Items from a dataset
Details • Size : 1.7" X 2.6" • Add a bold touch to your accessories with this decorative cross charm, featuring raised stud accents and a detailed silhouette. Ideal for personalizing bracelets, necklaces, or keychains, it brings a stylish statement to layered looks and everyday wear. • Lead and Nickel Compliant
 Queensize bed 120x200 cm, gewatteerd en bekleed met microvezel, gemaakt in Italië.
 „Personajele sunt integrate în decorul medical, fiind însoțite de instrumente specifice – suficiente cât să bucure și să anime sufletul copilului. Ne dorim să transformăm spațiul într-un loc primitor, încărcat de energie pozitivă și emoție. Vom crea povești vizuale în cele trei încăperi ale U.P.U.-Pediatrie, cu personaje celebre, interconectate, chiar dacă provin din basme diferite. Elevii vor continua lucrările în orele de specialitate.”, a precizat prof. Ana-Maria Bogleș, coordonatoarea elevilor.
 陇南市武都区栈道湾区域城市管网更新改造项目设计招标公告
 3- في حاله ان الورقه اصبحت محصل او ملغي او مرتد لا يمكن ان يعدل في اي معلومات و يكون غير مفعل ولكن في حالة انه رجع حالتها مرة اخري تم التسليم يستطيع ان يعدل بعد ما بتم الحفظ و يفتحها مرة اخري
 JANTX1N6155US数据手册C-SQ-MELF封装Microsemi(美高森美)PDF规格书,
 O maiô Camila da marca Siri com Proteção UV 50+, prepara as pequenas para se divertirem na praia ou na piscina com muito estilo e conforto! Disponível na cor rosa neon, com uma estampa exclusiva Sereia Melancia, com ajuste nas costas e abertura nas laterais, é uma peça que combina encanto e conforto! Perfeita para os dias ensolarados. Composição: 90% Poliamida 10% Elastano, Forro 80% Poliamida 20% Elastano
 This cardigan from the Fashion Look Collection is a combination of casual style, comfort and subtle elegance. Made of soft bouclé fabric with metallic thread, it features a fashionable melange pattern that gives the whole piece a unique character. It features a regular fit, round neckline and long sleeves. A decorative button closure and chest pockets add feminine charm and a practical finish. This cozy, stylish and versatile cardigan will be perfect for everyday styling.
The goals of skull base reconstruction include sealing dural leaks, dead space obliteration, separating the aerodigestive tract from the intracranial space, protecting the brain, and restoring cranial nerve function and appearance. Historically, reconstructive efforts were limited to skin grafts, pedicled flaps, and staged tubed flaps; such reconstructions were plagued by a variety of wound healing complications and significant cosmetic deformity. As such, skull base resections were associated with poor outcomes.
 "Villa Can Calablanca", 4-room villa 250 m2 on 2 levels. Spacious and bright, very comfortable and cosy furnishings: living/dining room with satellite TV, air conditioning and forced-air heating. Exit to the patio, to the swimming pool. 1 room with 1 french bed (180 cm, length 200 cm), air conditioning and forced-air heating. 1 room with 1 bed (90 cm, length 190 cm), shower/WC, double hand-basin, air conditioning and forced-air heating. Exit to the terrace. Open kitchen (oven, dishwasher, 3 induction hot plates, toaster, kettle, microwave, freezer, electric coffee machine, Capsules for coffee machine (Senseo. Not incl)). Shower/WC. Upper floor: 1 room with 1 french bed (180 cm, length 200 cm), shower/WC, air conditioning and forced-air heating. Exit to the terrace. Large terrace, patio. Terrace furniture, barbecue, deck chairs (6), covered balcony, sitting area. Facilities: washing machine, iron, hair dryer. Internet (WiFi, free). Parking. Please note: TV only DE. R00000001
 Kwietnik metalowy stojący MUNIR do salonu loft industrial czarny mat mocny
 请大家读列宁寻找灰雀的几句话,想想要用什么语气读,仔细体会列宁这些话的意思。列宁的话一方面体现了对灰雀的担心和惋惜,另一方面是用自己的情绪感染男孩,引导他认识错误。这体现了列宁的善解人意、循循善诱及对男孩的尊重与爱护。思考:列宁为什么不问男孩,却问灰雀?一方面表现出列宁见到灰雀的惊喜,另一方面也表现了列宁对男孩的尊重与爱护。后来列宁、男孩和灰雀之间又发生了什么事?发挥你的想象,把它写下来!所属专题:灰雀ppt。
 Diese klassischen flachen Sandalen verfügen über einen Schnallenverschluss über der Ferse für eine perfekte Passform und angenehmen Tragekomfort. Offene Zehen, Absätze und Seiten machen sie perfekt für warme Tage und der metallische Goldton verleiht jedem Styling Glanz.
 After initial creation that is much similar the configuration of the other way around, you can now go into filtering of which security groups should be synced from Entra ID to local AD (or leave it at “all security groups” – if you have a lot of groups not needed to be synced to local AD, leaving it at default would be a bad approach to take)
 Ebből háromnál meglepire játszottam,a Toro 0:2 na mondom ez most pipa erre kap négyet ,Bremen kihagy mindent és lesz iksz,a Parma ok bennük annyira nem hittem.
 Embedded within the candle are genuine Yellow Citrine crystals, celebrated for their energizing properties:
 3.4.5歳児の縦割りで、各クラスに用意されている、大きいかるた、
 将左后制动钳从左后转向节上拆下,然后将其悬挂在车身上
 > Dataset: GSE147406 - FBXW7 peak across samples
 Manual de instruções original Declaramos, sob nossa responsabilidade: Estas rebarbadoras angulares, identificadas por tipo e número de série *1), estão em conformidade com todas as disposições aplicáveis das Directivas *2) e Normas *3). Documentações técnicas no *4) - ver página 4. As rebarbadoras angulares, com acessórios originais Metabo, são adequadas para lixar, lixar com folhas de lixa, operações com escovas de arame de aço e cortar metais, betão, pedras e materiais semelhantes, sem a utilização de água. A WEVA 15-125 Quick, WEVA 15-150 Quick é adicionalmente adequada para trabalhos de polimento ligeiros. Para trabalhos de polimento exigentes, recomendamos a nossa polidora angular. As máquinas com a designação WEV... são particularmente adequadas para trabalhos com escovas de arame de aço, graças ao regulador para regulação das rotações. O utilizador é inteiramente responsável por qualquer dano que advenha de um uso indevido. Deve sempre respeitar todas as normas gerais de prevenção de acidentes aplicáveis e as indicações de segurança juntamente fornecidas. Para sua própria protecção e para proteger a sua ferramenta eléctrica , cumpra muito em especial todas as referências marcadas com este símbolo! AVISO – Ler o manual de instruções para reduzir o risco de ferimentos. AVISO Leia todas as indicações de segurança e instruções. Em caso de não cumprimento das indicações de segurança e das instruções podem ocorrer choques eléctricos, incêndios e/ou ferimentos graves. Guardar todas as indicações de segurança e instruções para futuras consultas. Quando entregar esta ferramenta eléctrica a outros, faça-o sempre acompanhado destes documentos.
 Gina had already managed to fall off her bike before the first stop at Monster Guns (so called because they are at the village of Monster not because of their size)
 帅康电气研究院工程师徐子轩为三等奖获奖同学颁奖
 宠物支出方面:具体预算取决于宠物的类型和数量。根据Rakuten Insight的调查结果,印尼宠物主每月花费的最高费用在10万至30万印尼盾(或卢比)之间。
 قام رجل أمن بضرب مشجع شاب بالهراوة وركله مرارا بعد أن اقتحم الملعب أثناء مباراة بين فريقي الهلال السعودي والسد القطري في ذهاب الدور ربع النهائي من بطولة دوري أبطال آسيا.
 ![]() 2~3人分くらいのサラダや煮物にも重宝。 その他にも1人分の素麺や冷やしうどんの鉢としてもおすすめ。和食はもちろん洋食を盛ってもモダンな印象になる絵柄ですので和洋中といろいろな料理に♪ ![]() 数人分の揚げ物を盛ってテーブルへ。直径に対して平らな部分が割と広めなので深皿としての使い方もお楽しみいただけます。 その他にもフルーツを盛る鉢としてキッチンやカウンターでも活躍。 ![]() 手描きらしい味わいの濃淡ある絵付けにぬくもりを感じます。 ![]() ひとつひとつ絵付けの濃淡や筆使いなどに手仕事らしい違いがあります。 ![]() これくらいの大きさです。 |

Problem requirements
Look above for the line with "Ebből háromnál meglepire" and the line with "peak across samples", and reproduce exactly those two lines plus every line between, nothing more.

Problem solution
 Ebből háromnál meglepire játszottam,a Toro 0:2 na mondom ez most pipa erre kap négyet ,Bremen kihagy mindent és lesz iksz,a Parma ok bennük annyira nem hittem.
 Embedded within the candle are genuine Yellow Citrine crystals, celebrated for their energizing properties:
 3.4.5歳児の縦割りで、各クラスに用意されている、大きいかるた、
 将左后制动钳从左后转向节上拆下,然后将其悬挂在车身上
 > Dataset: GSE147406 - FBXW7 peak across samples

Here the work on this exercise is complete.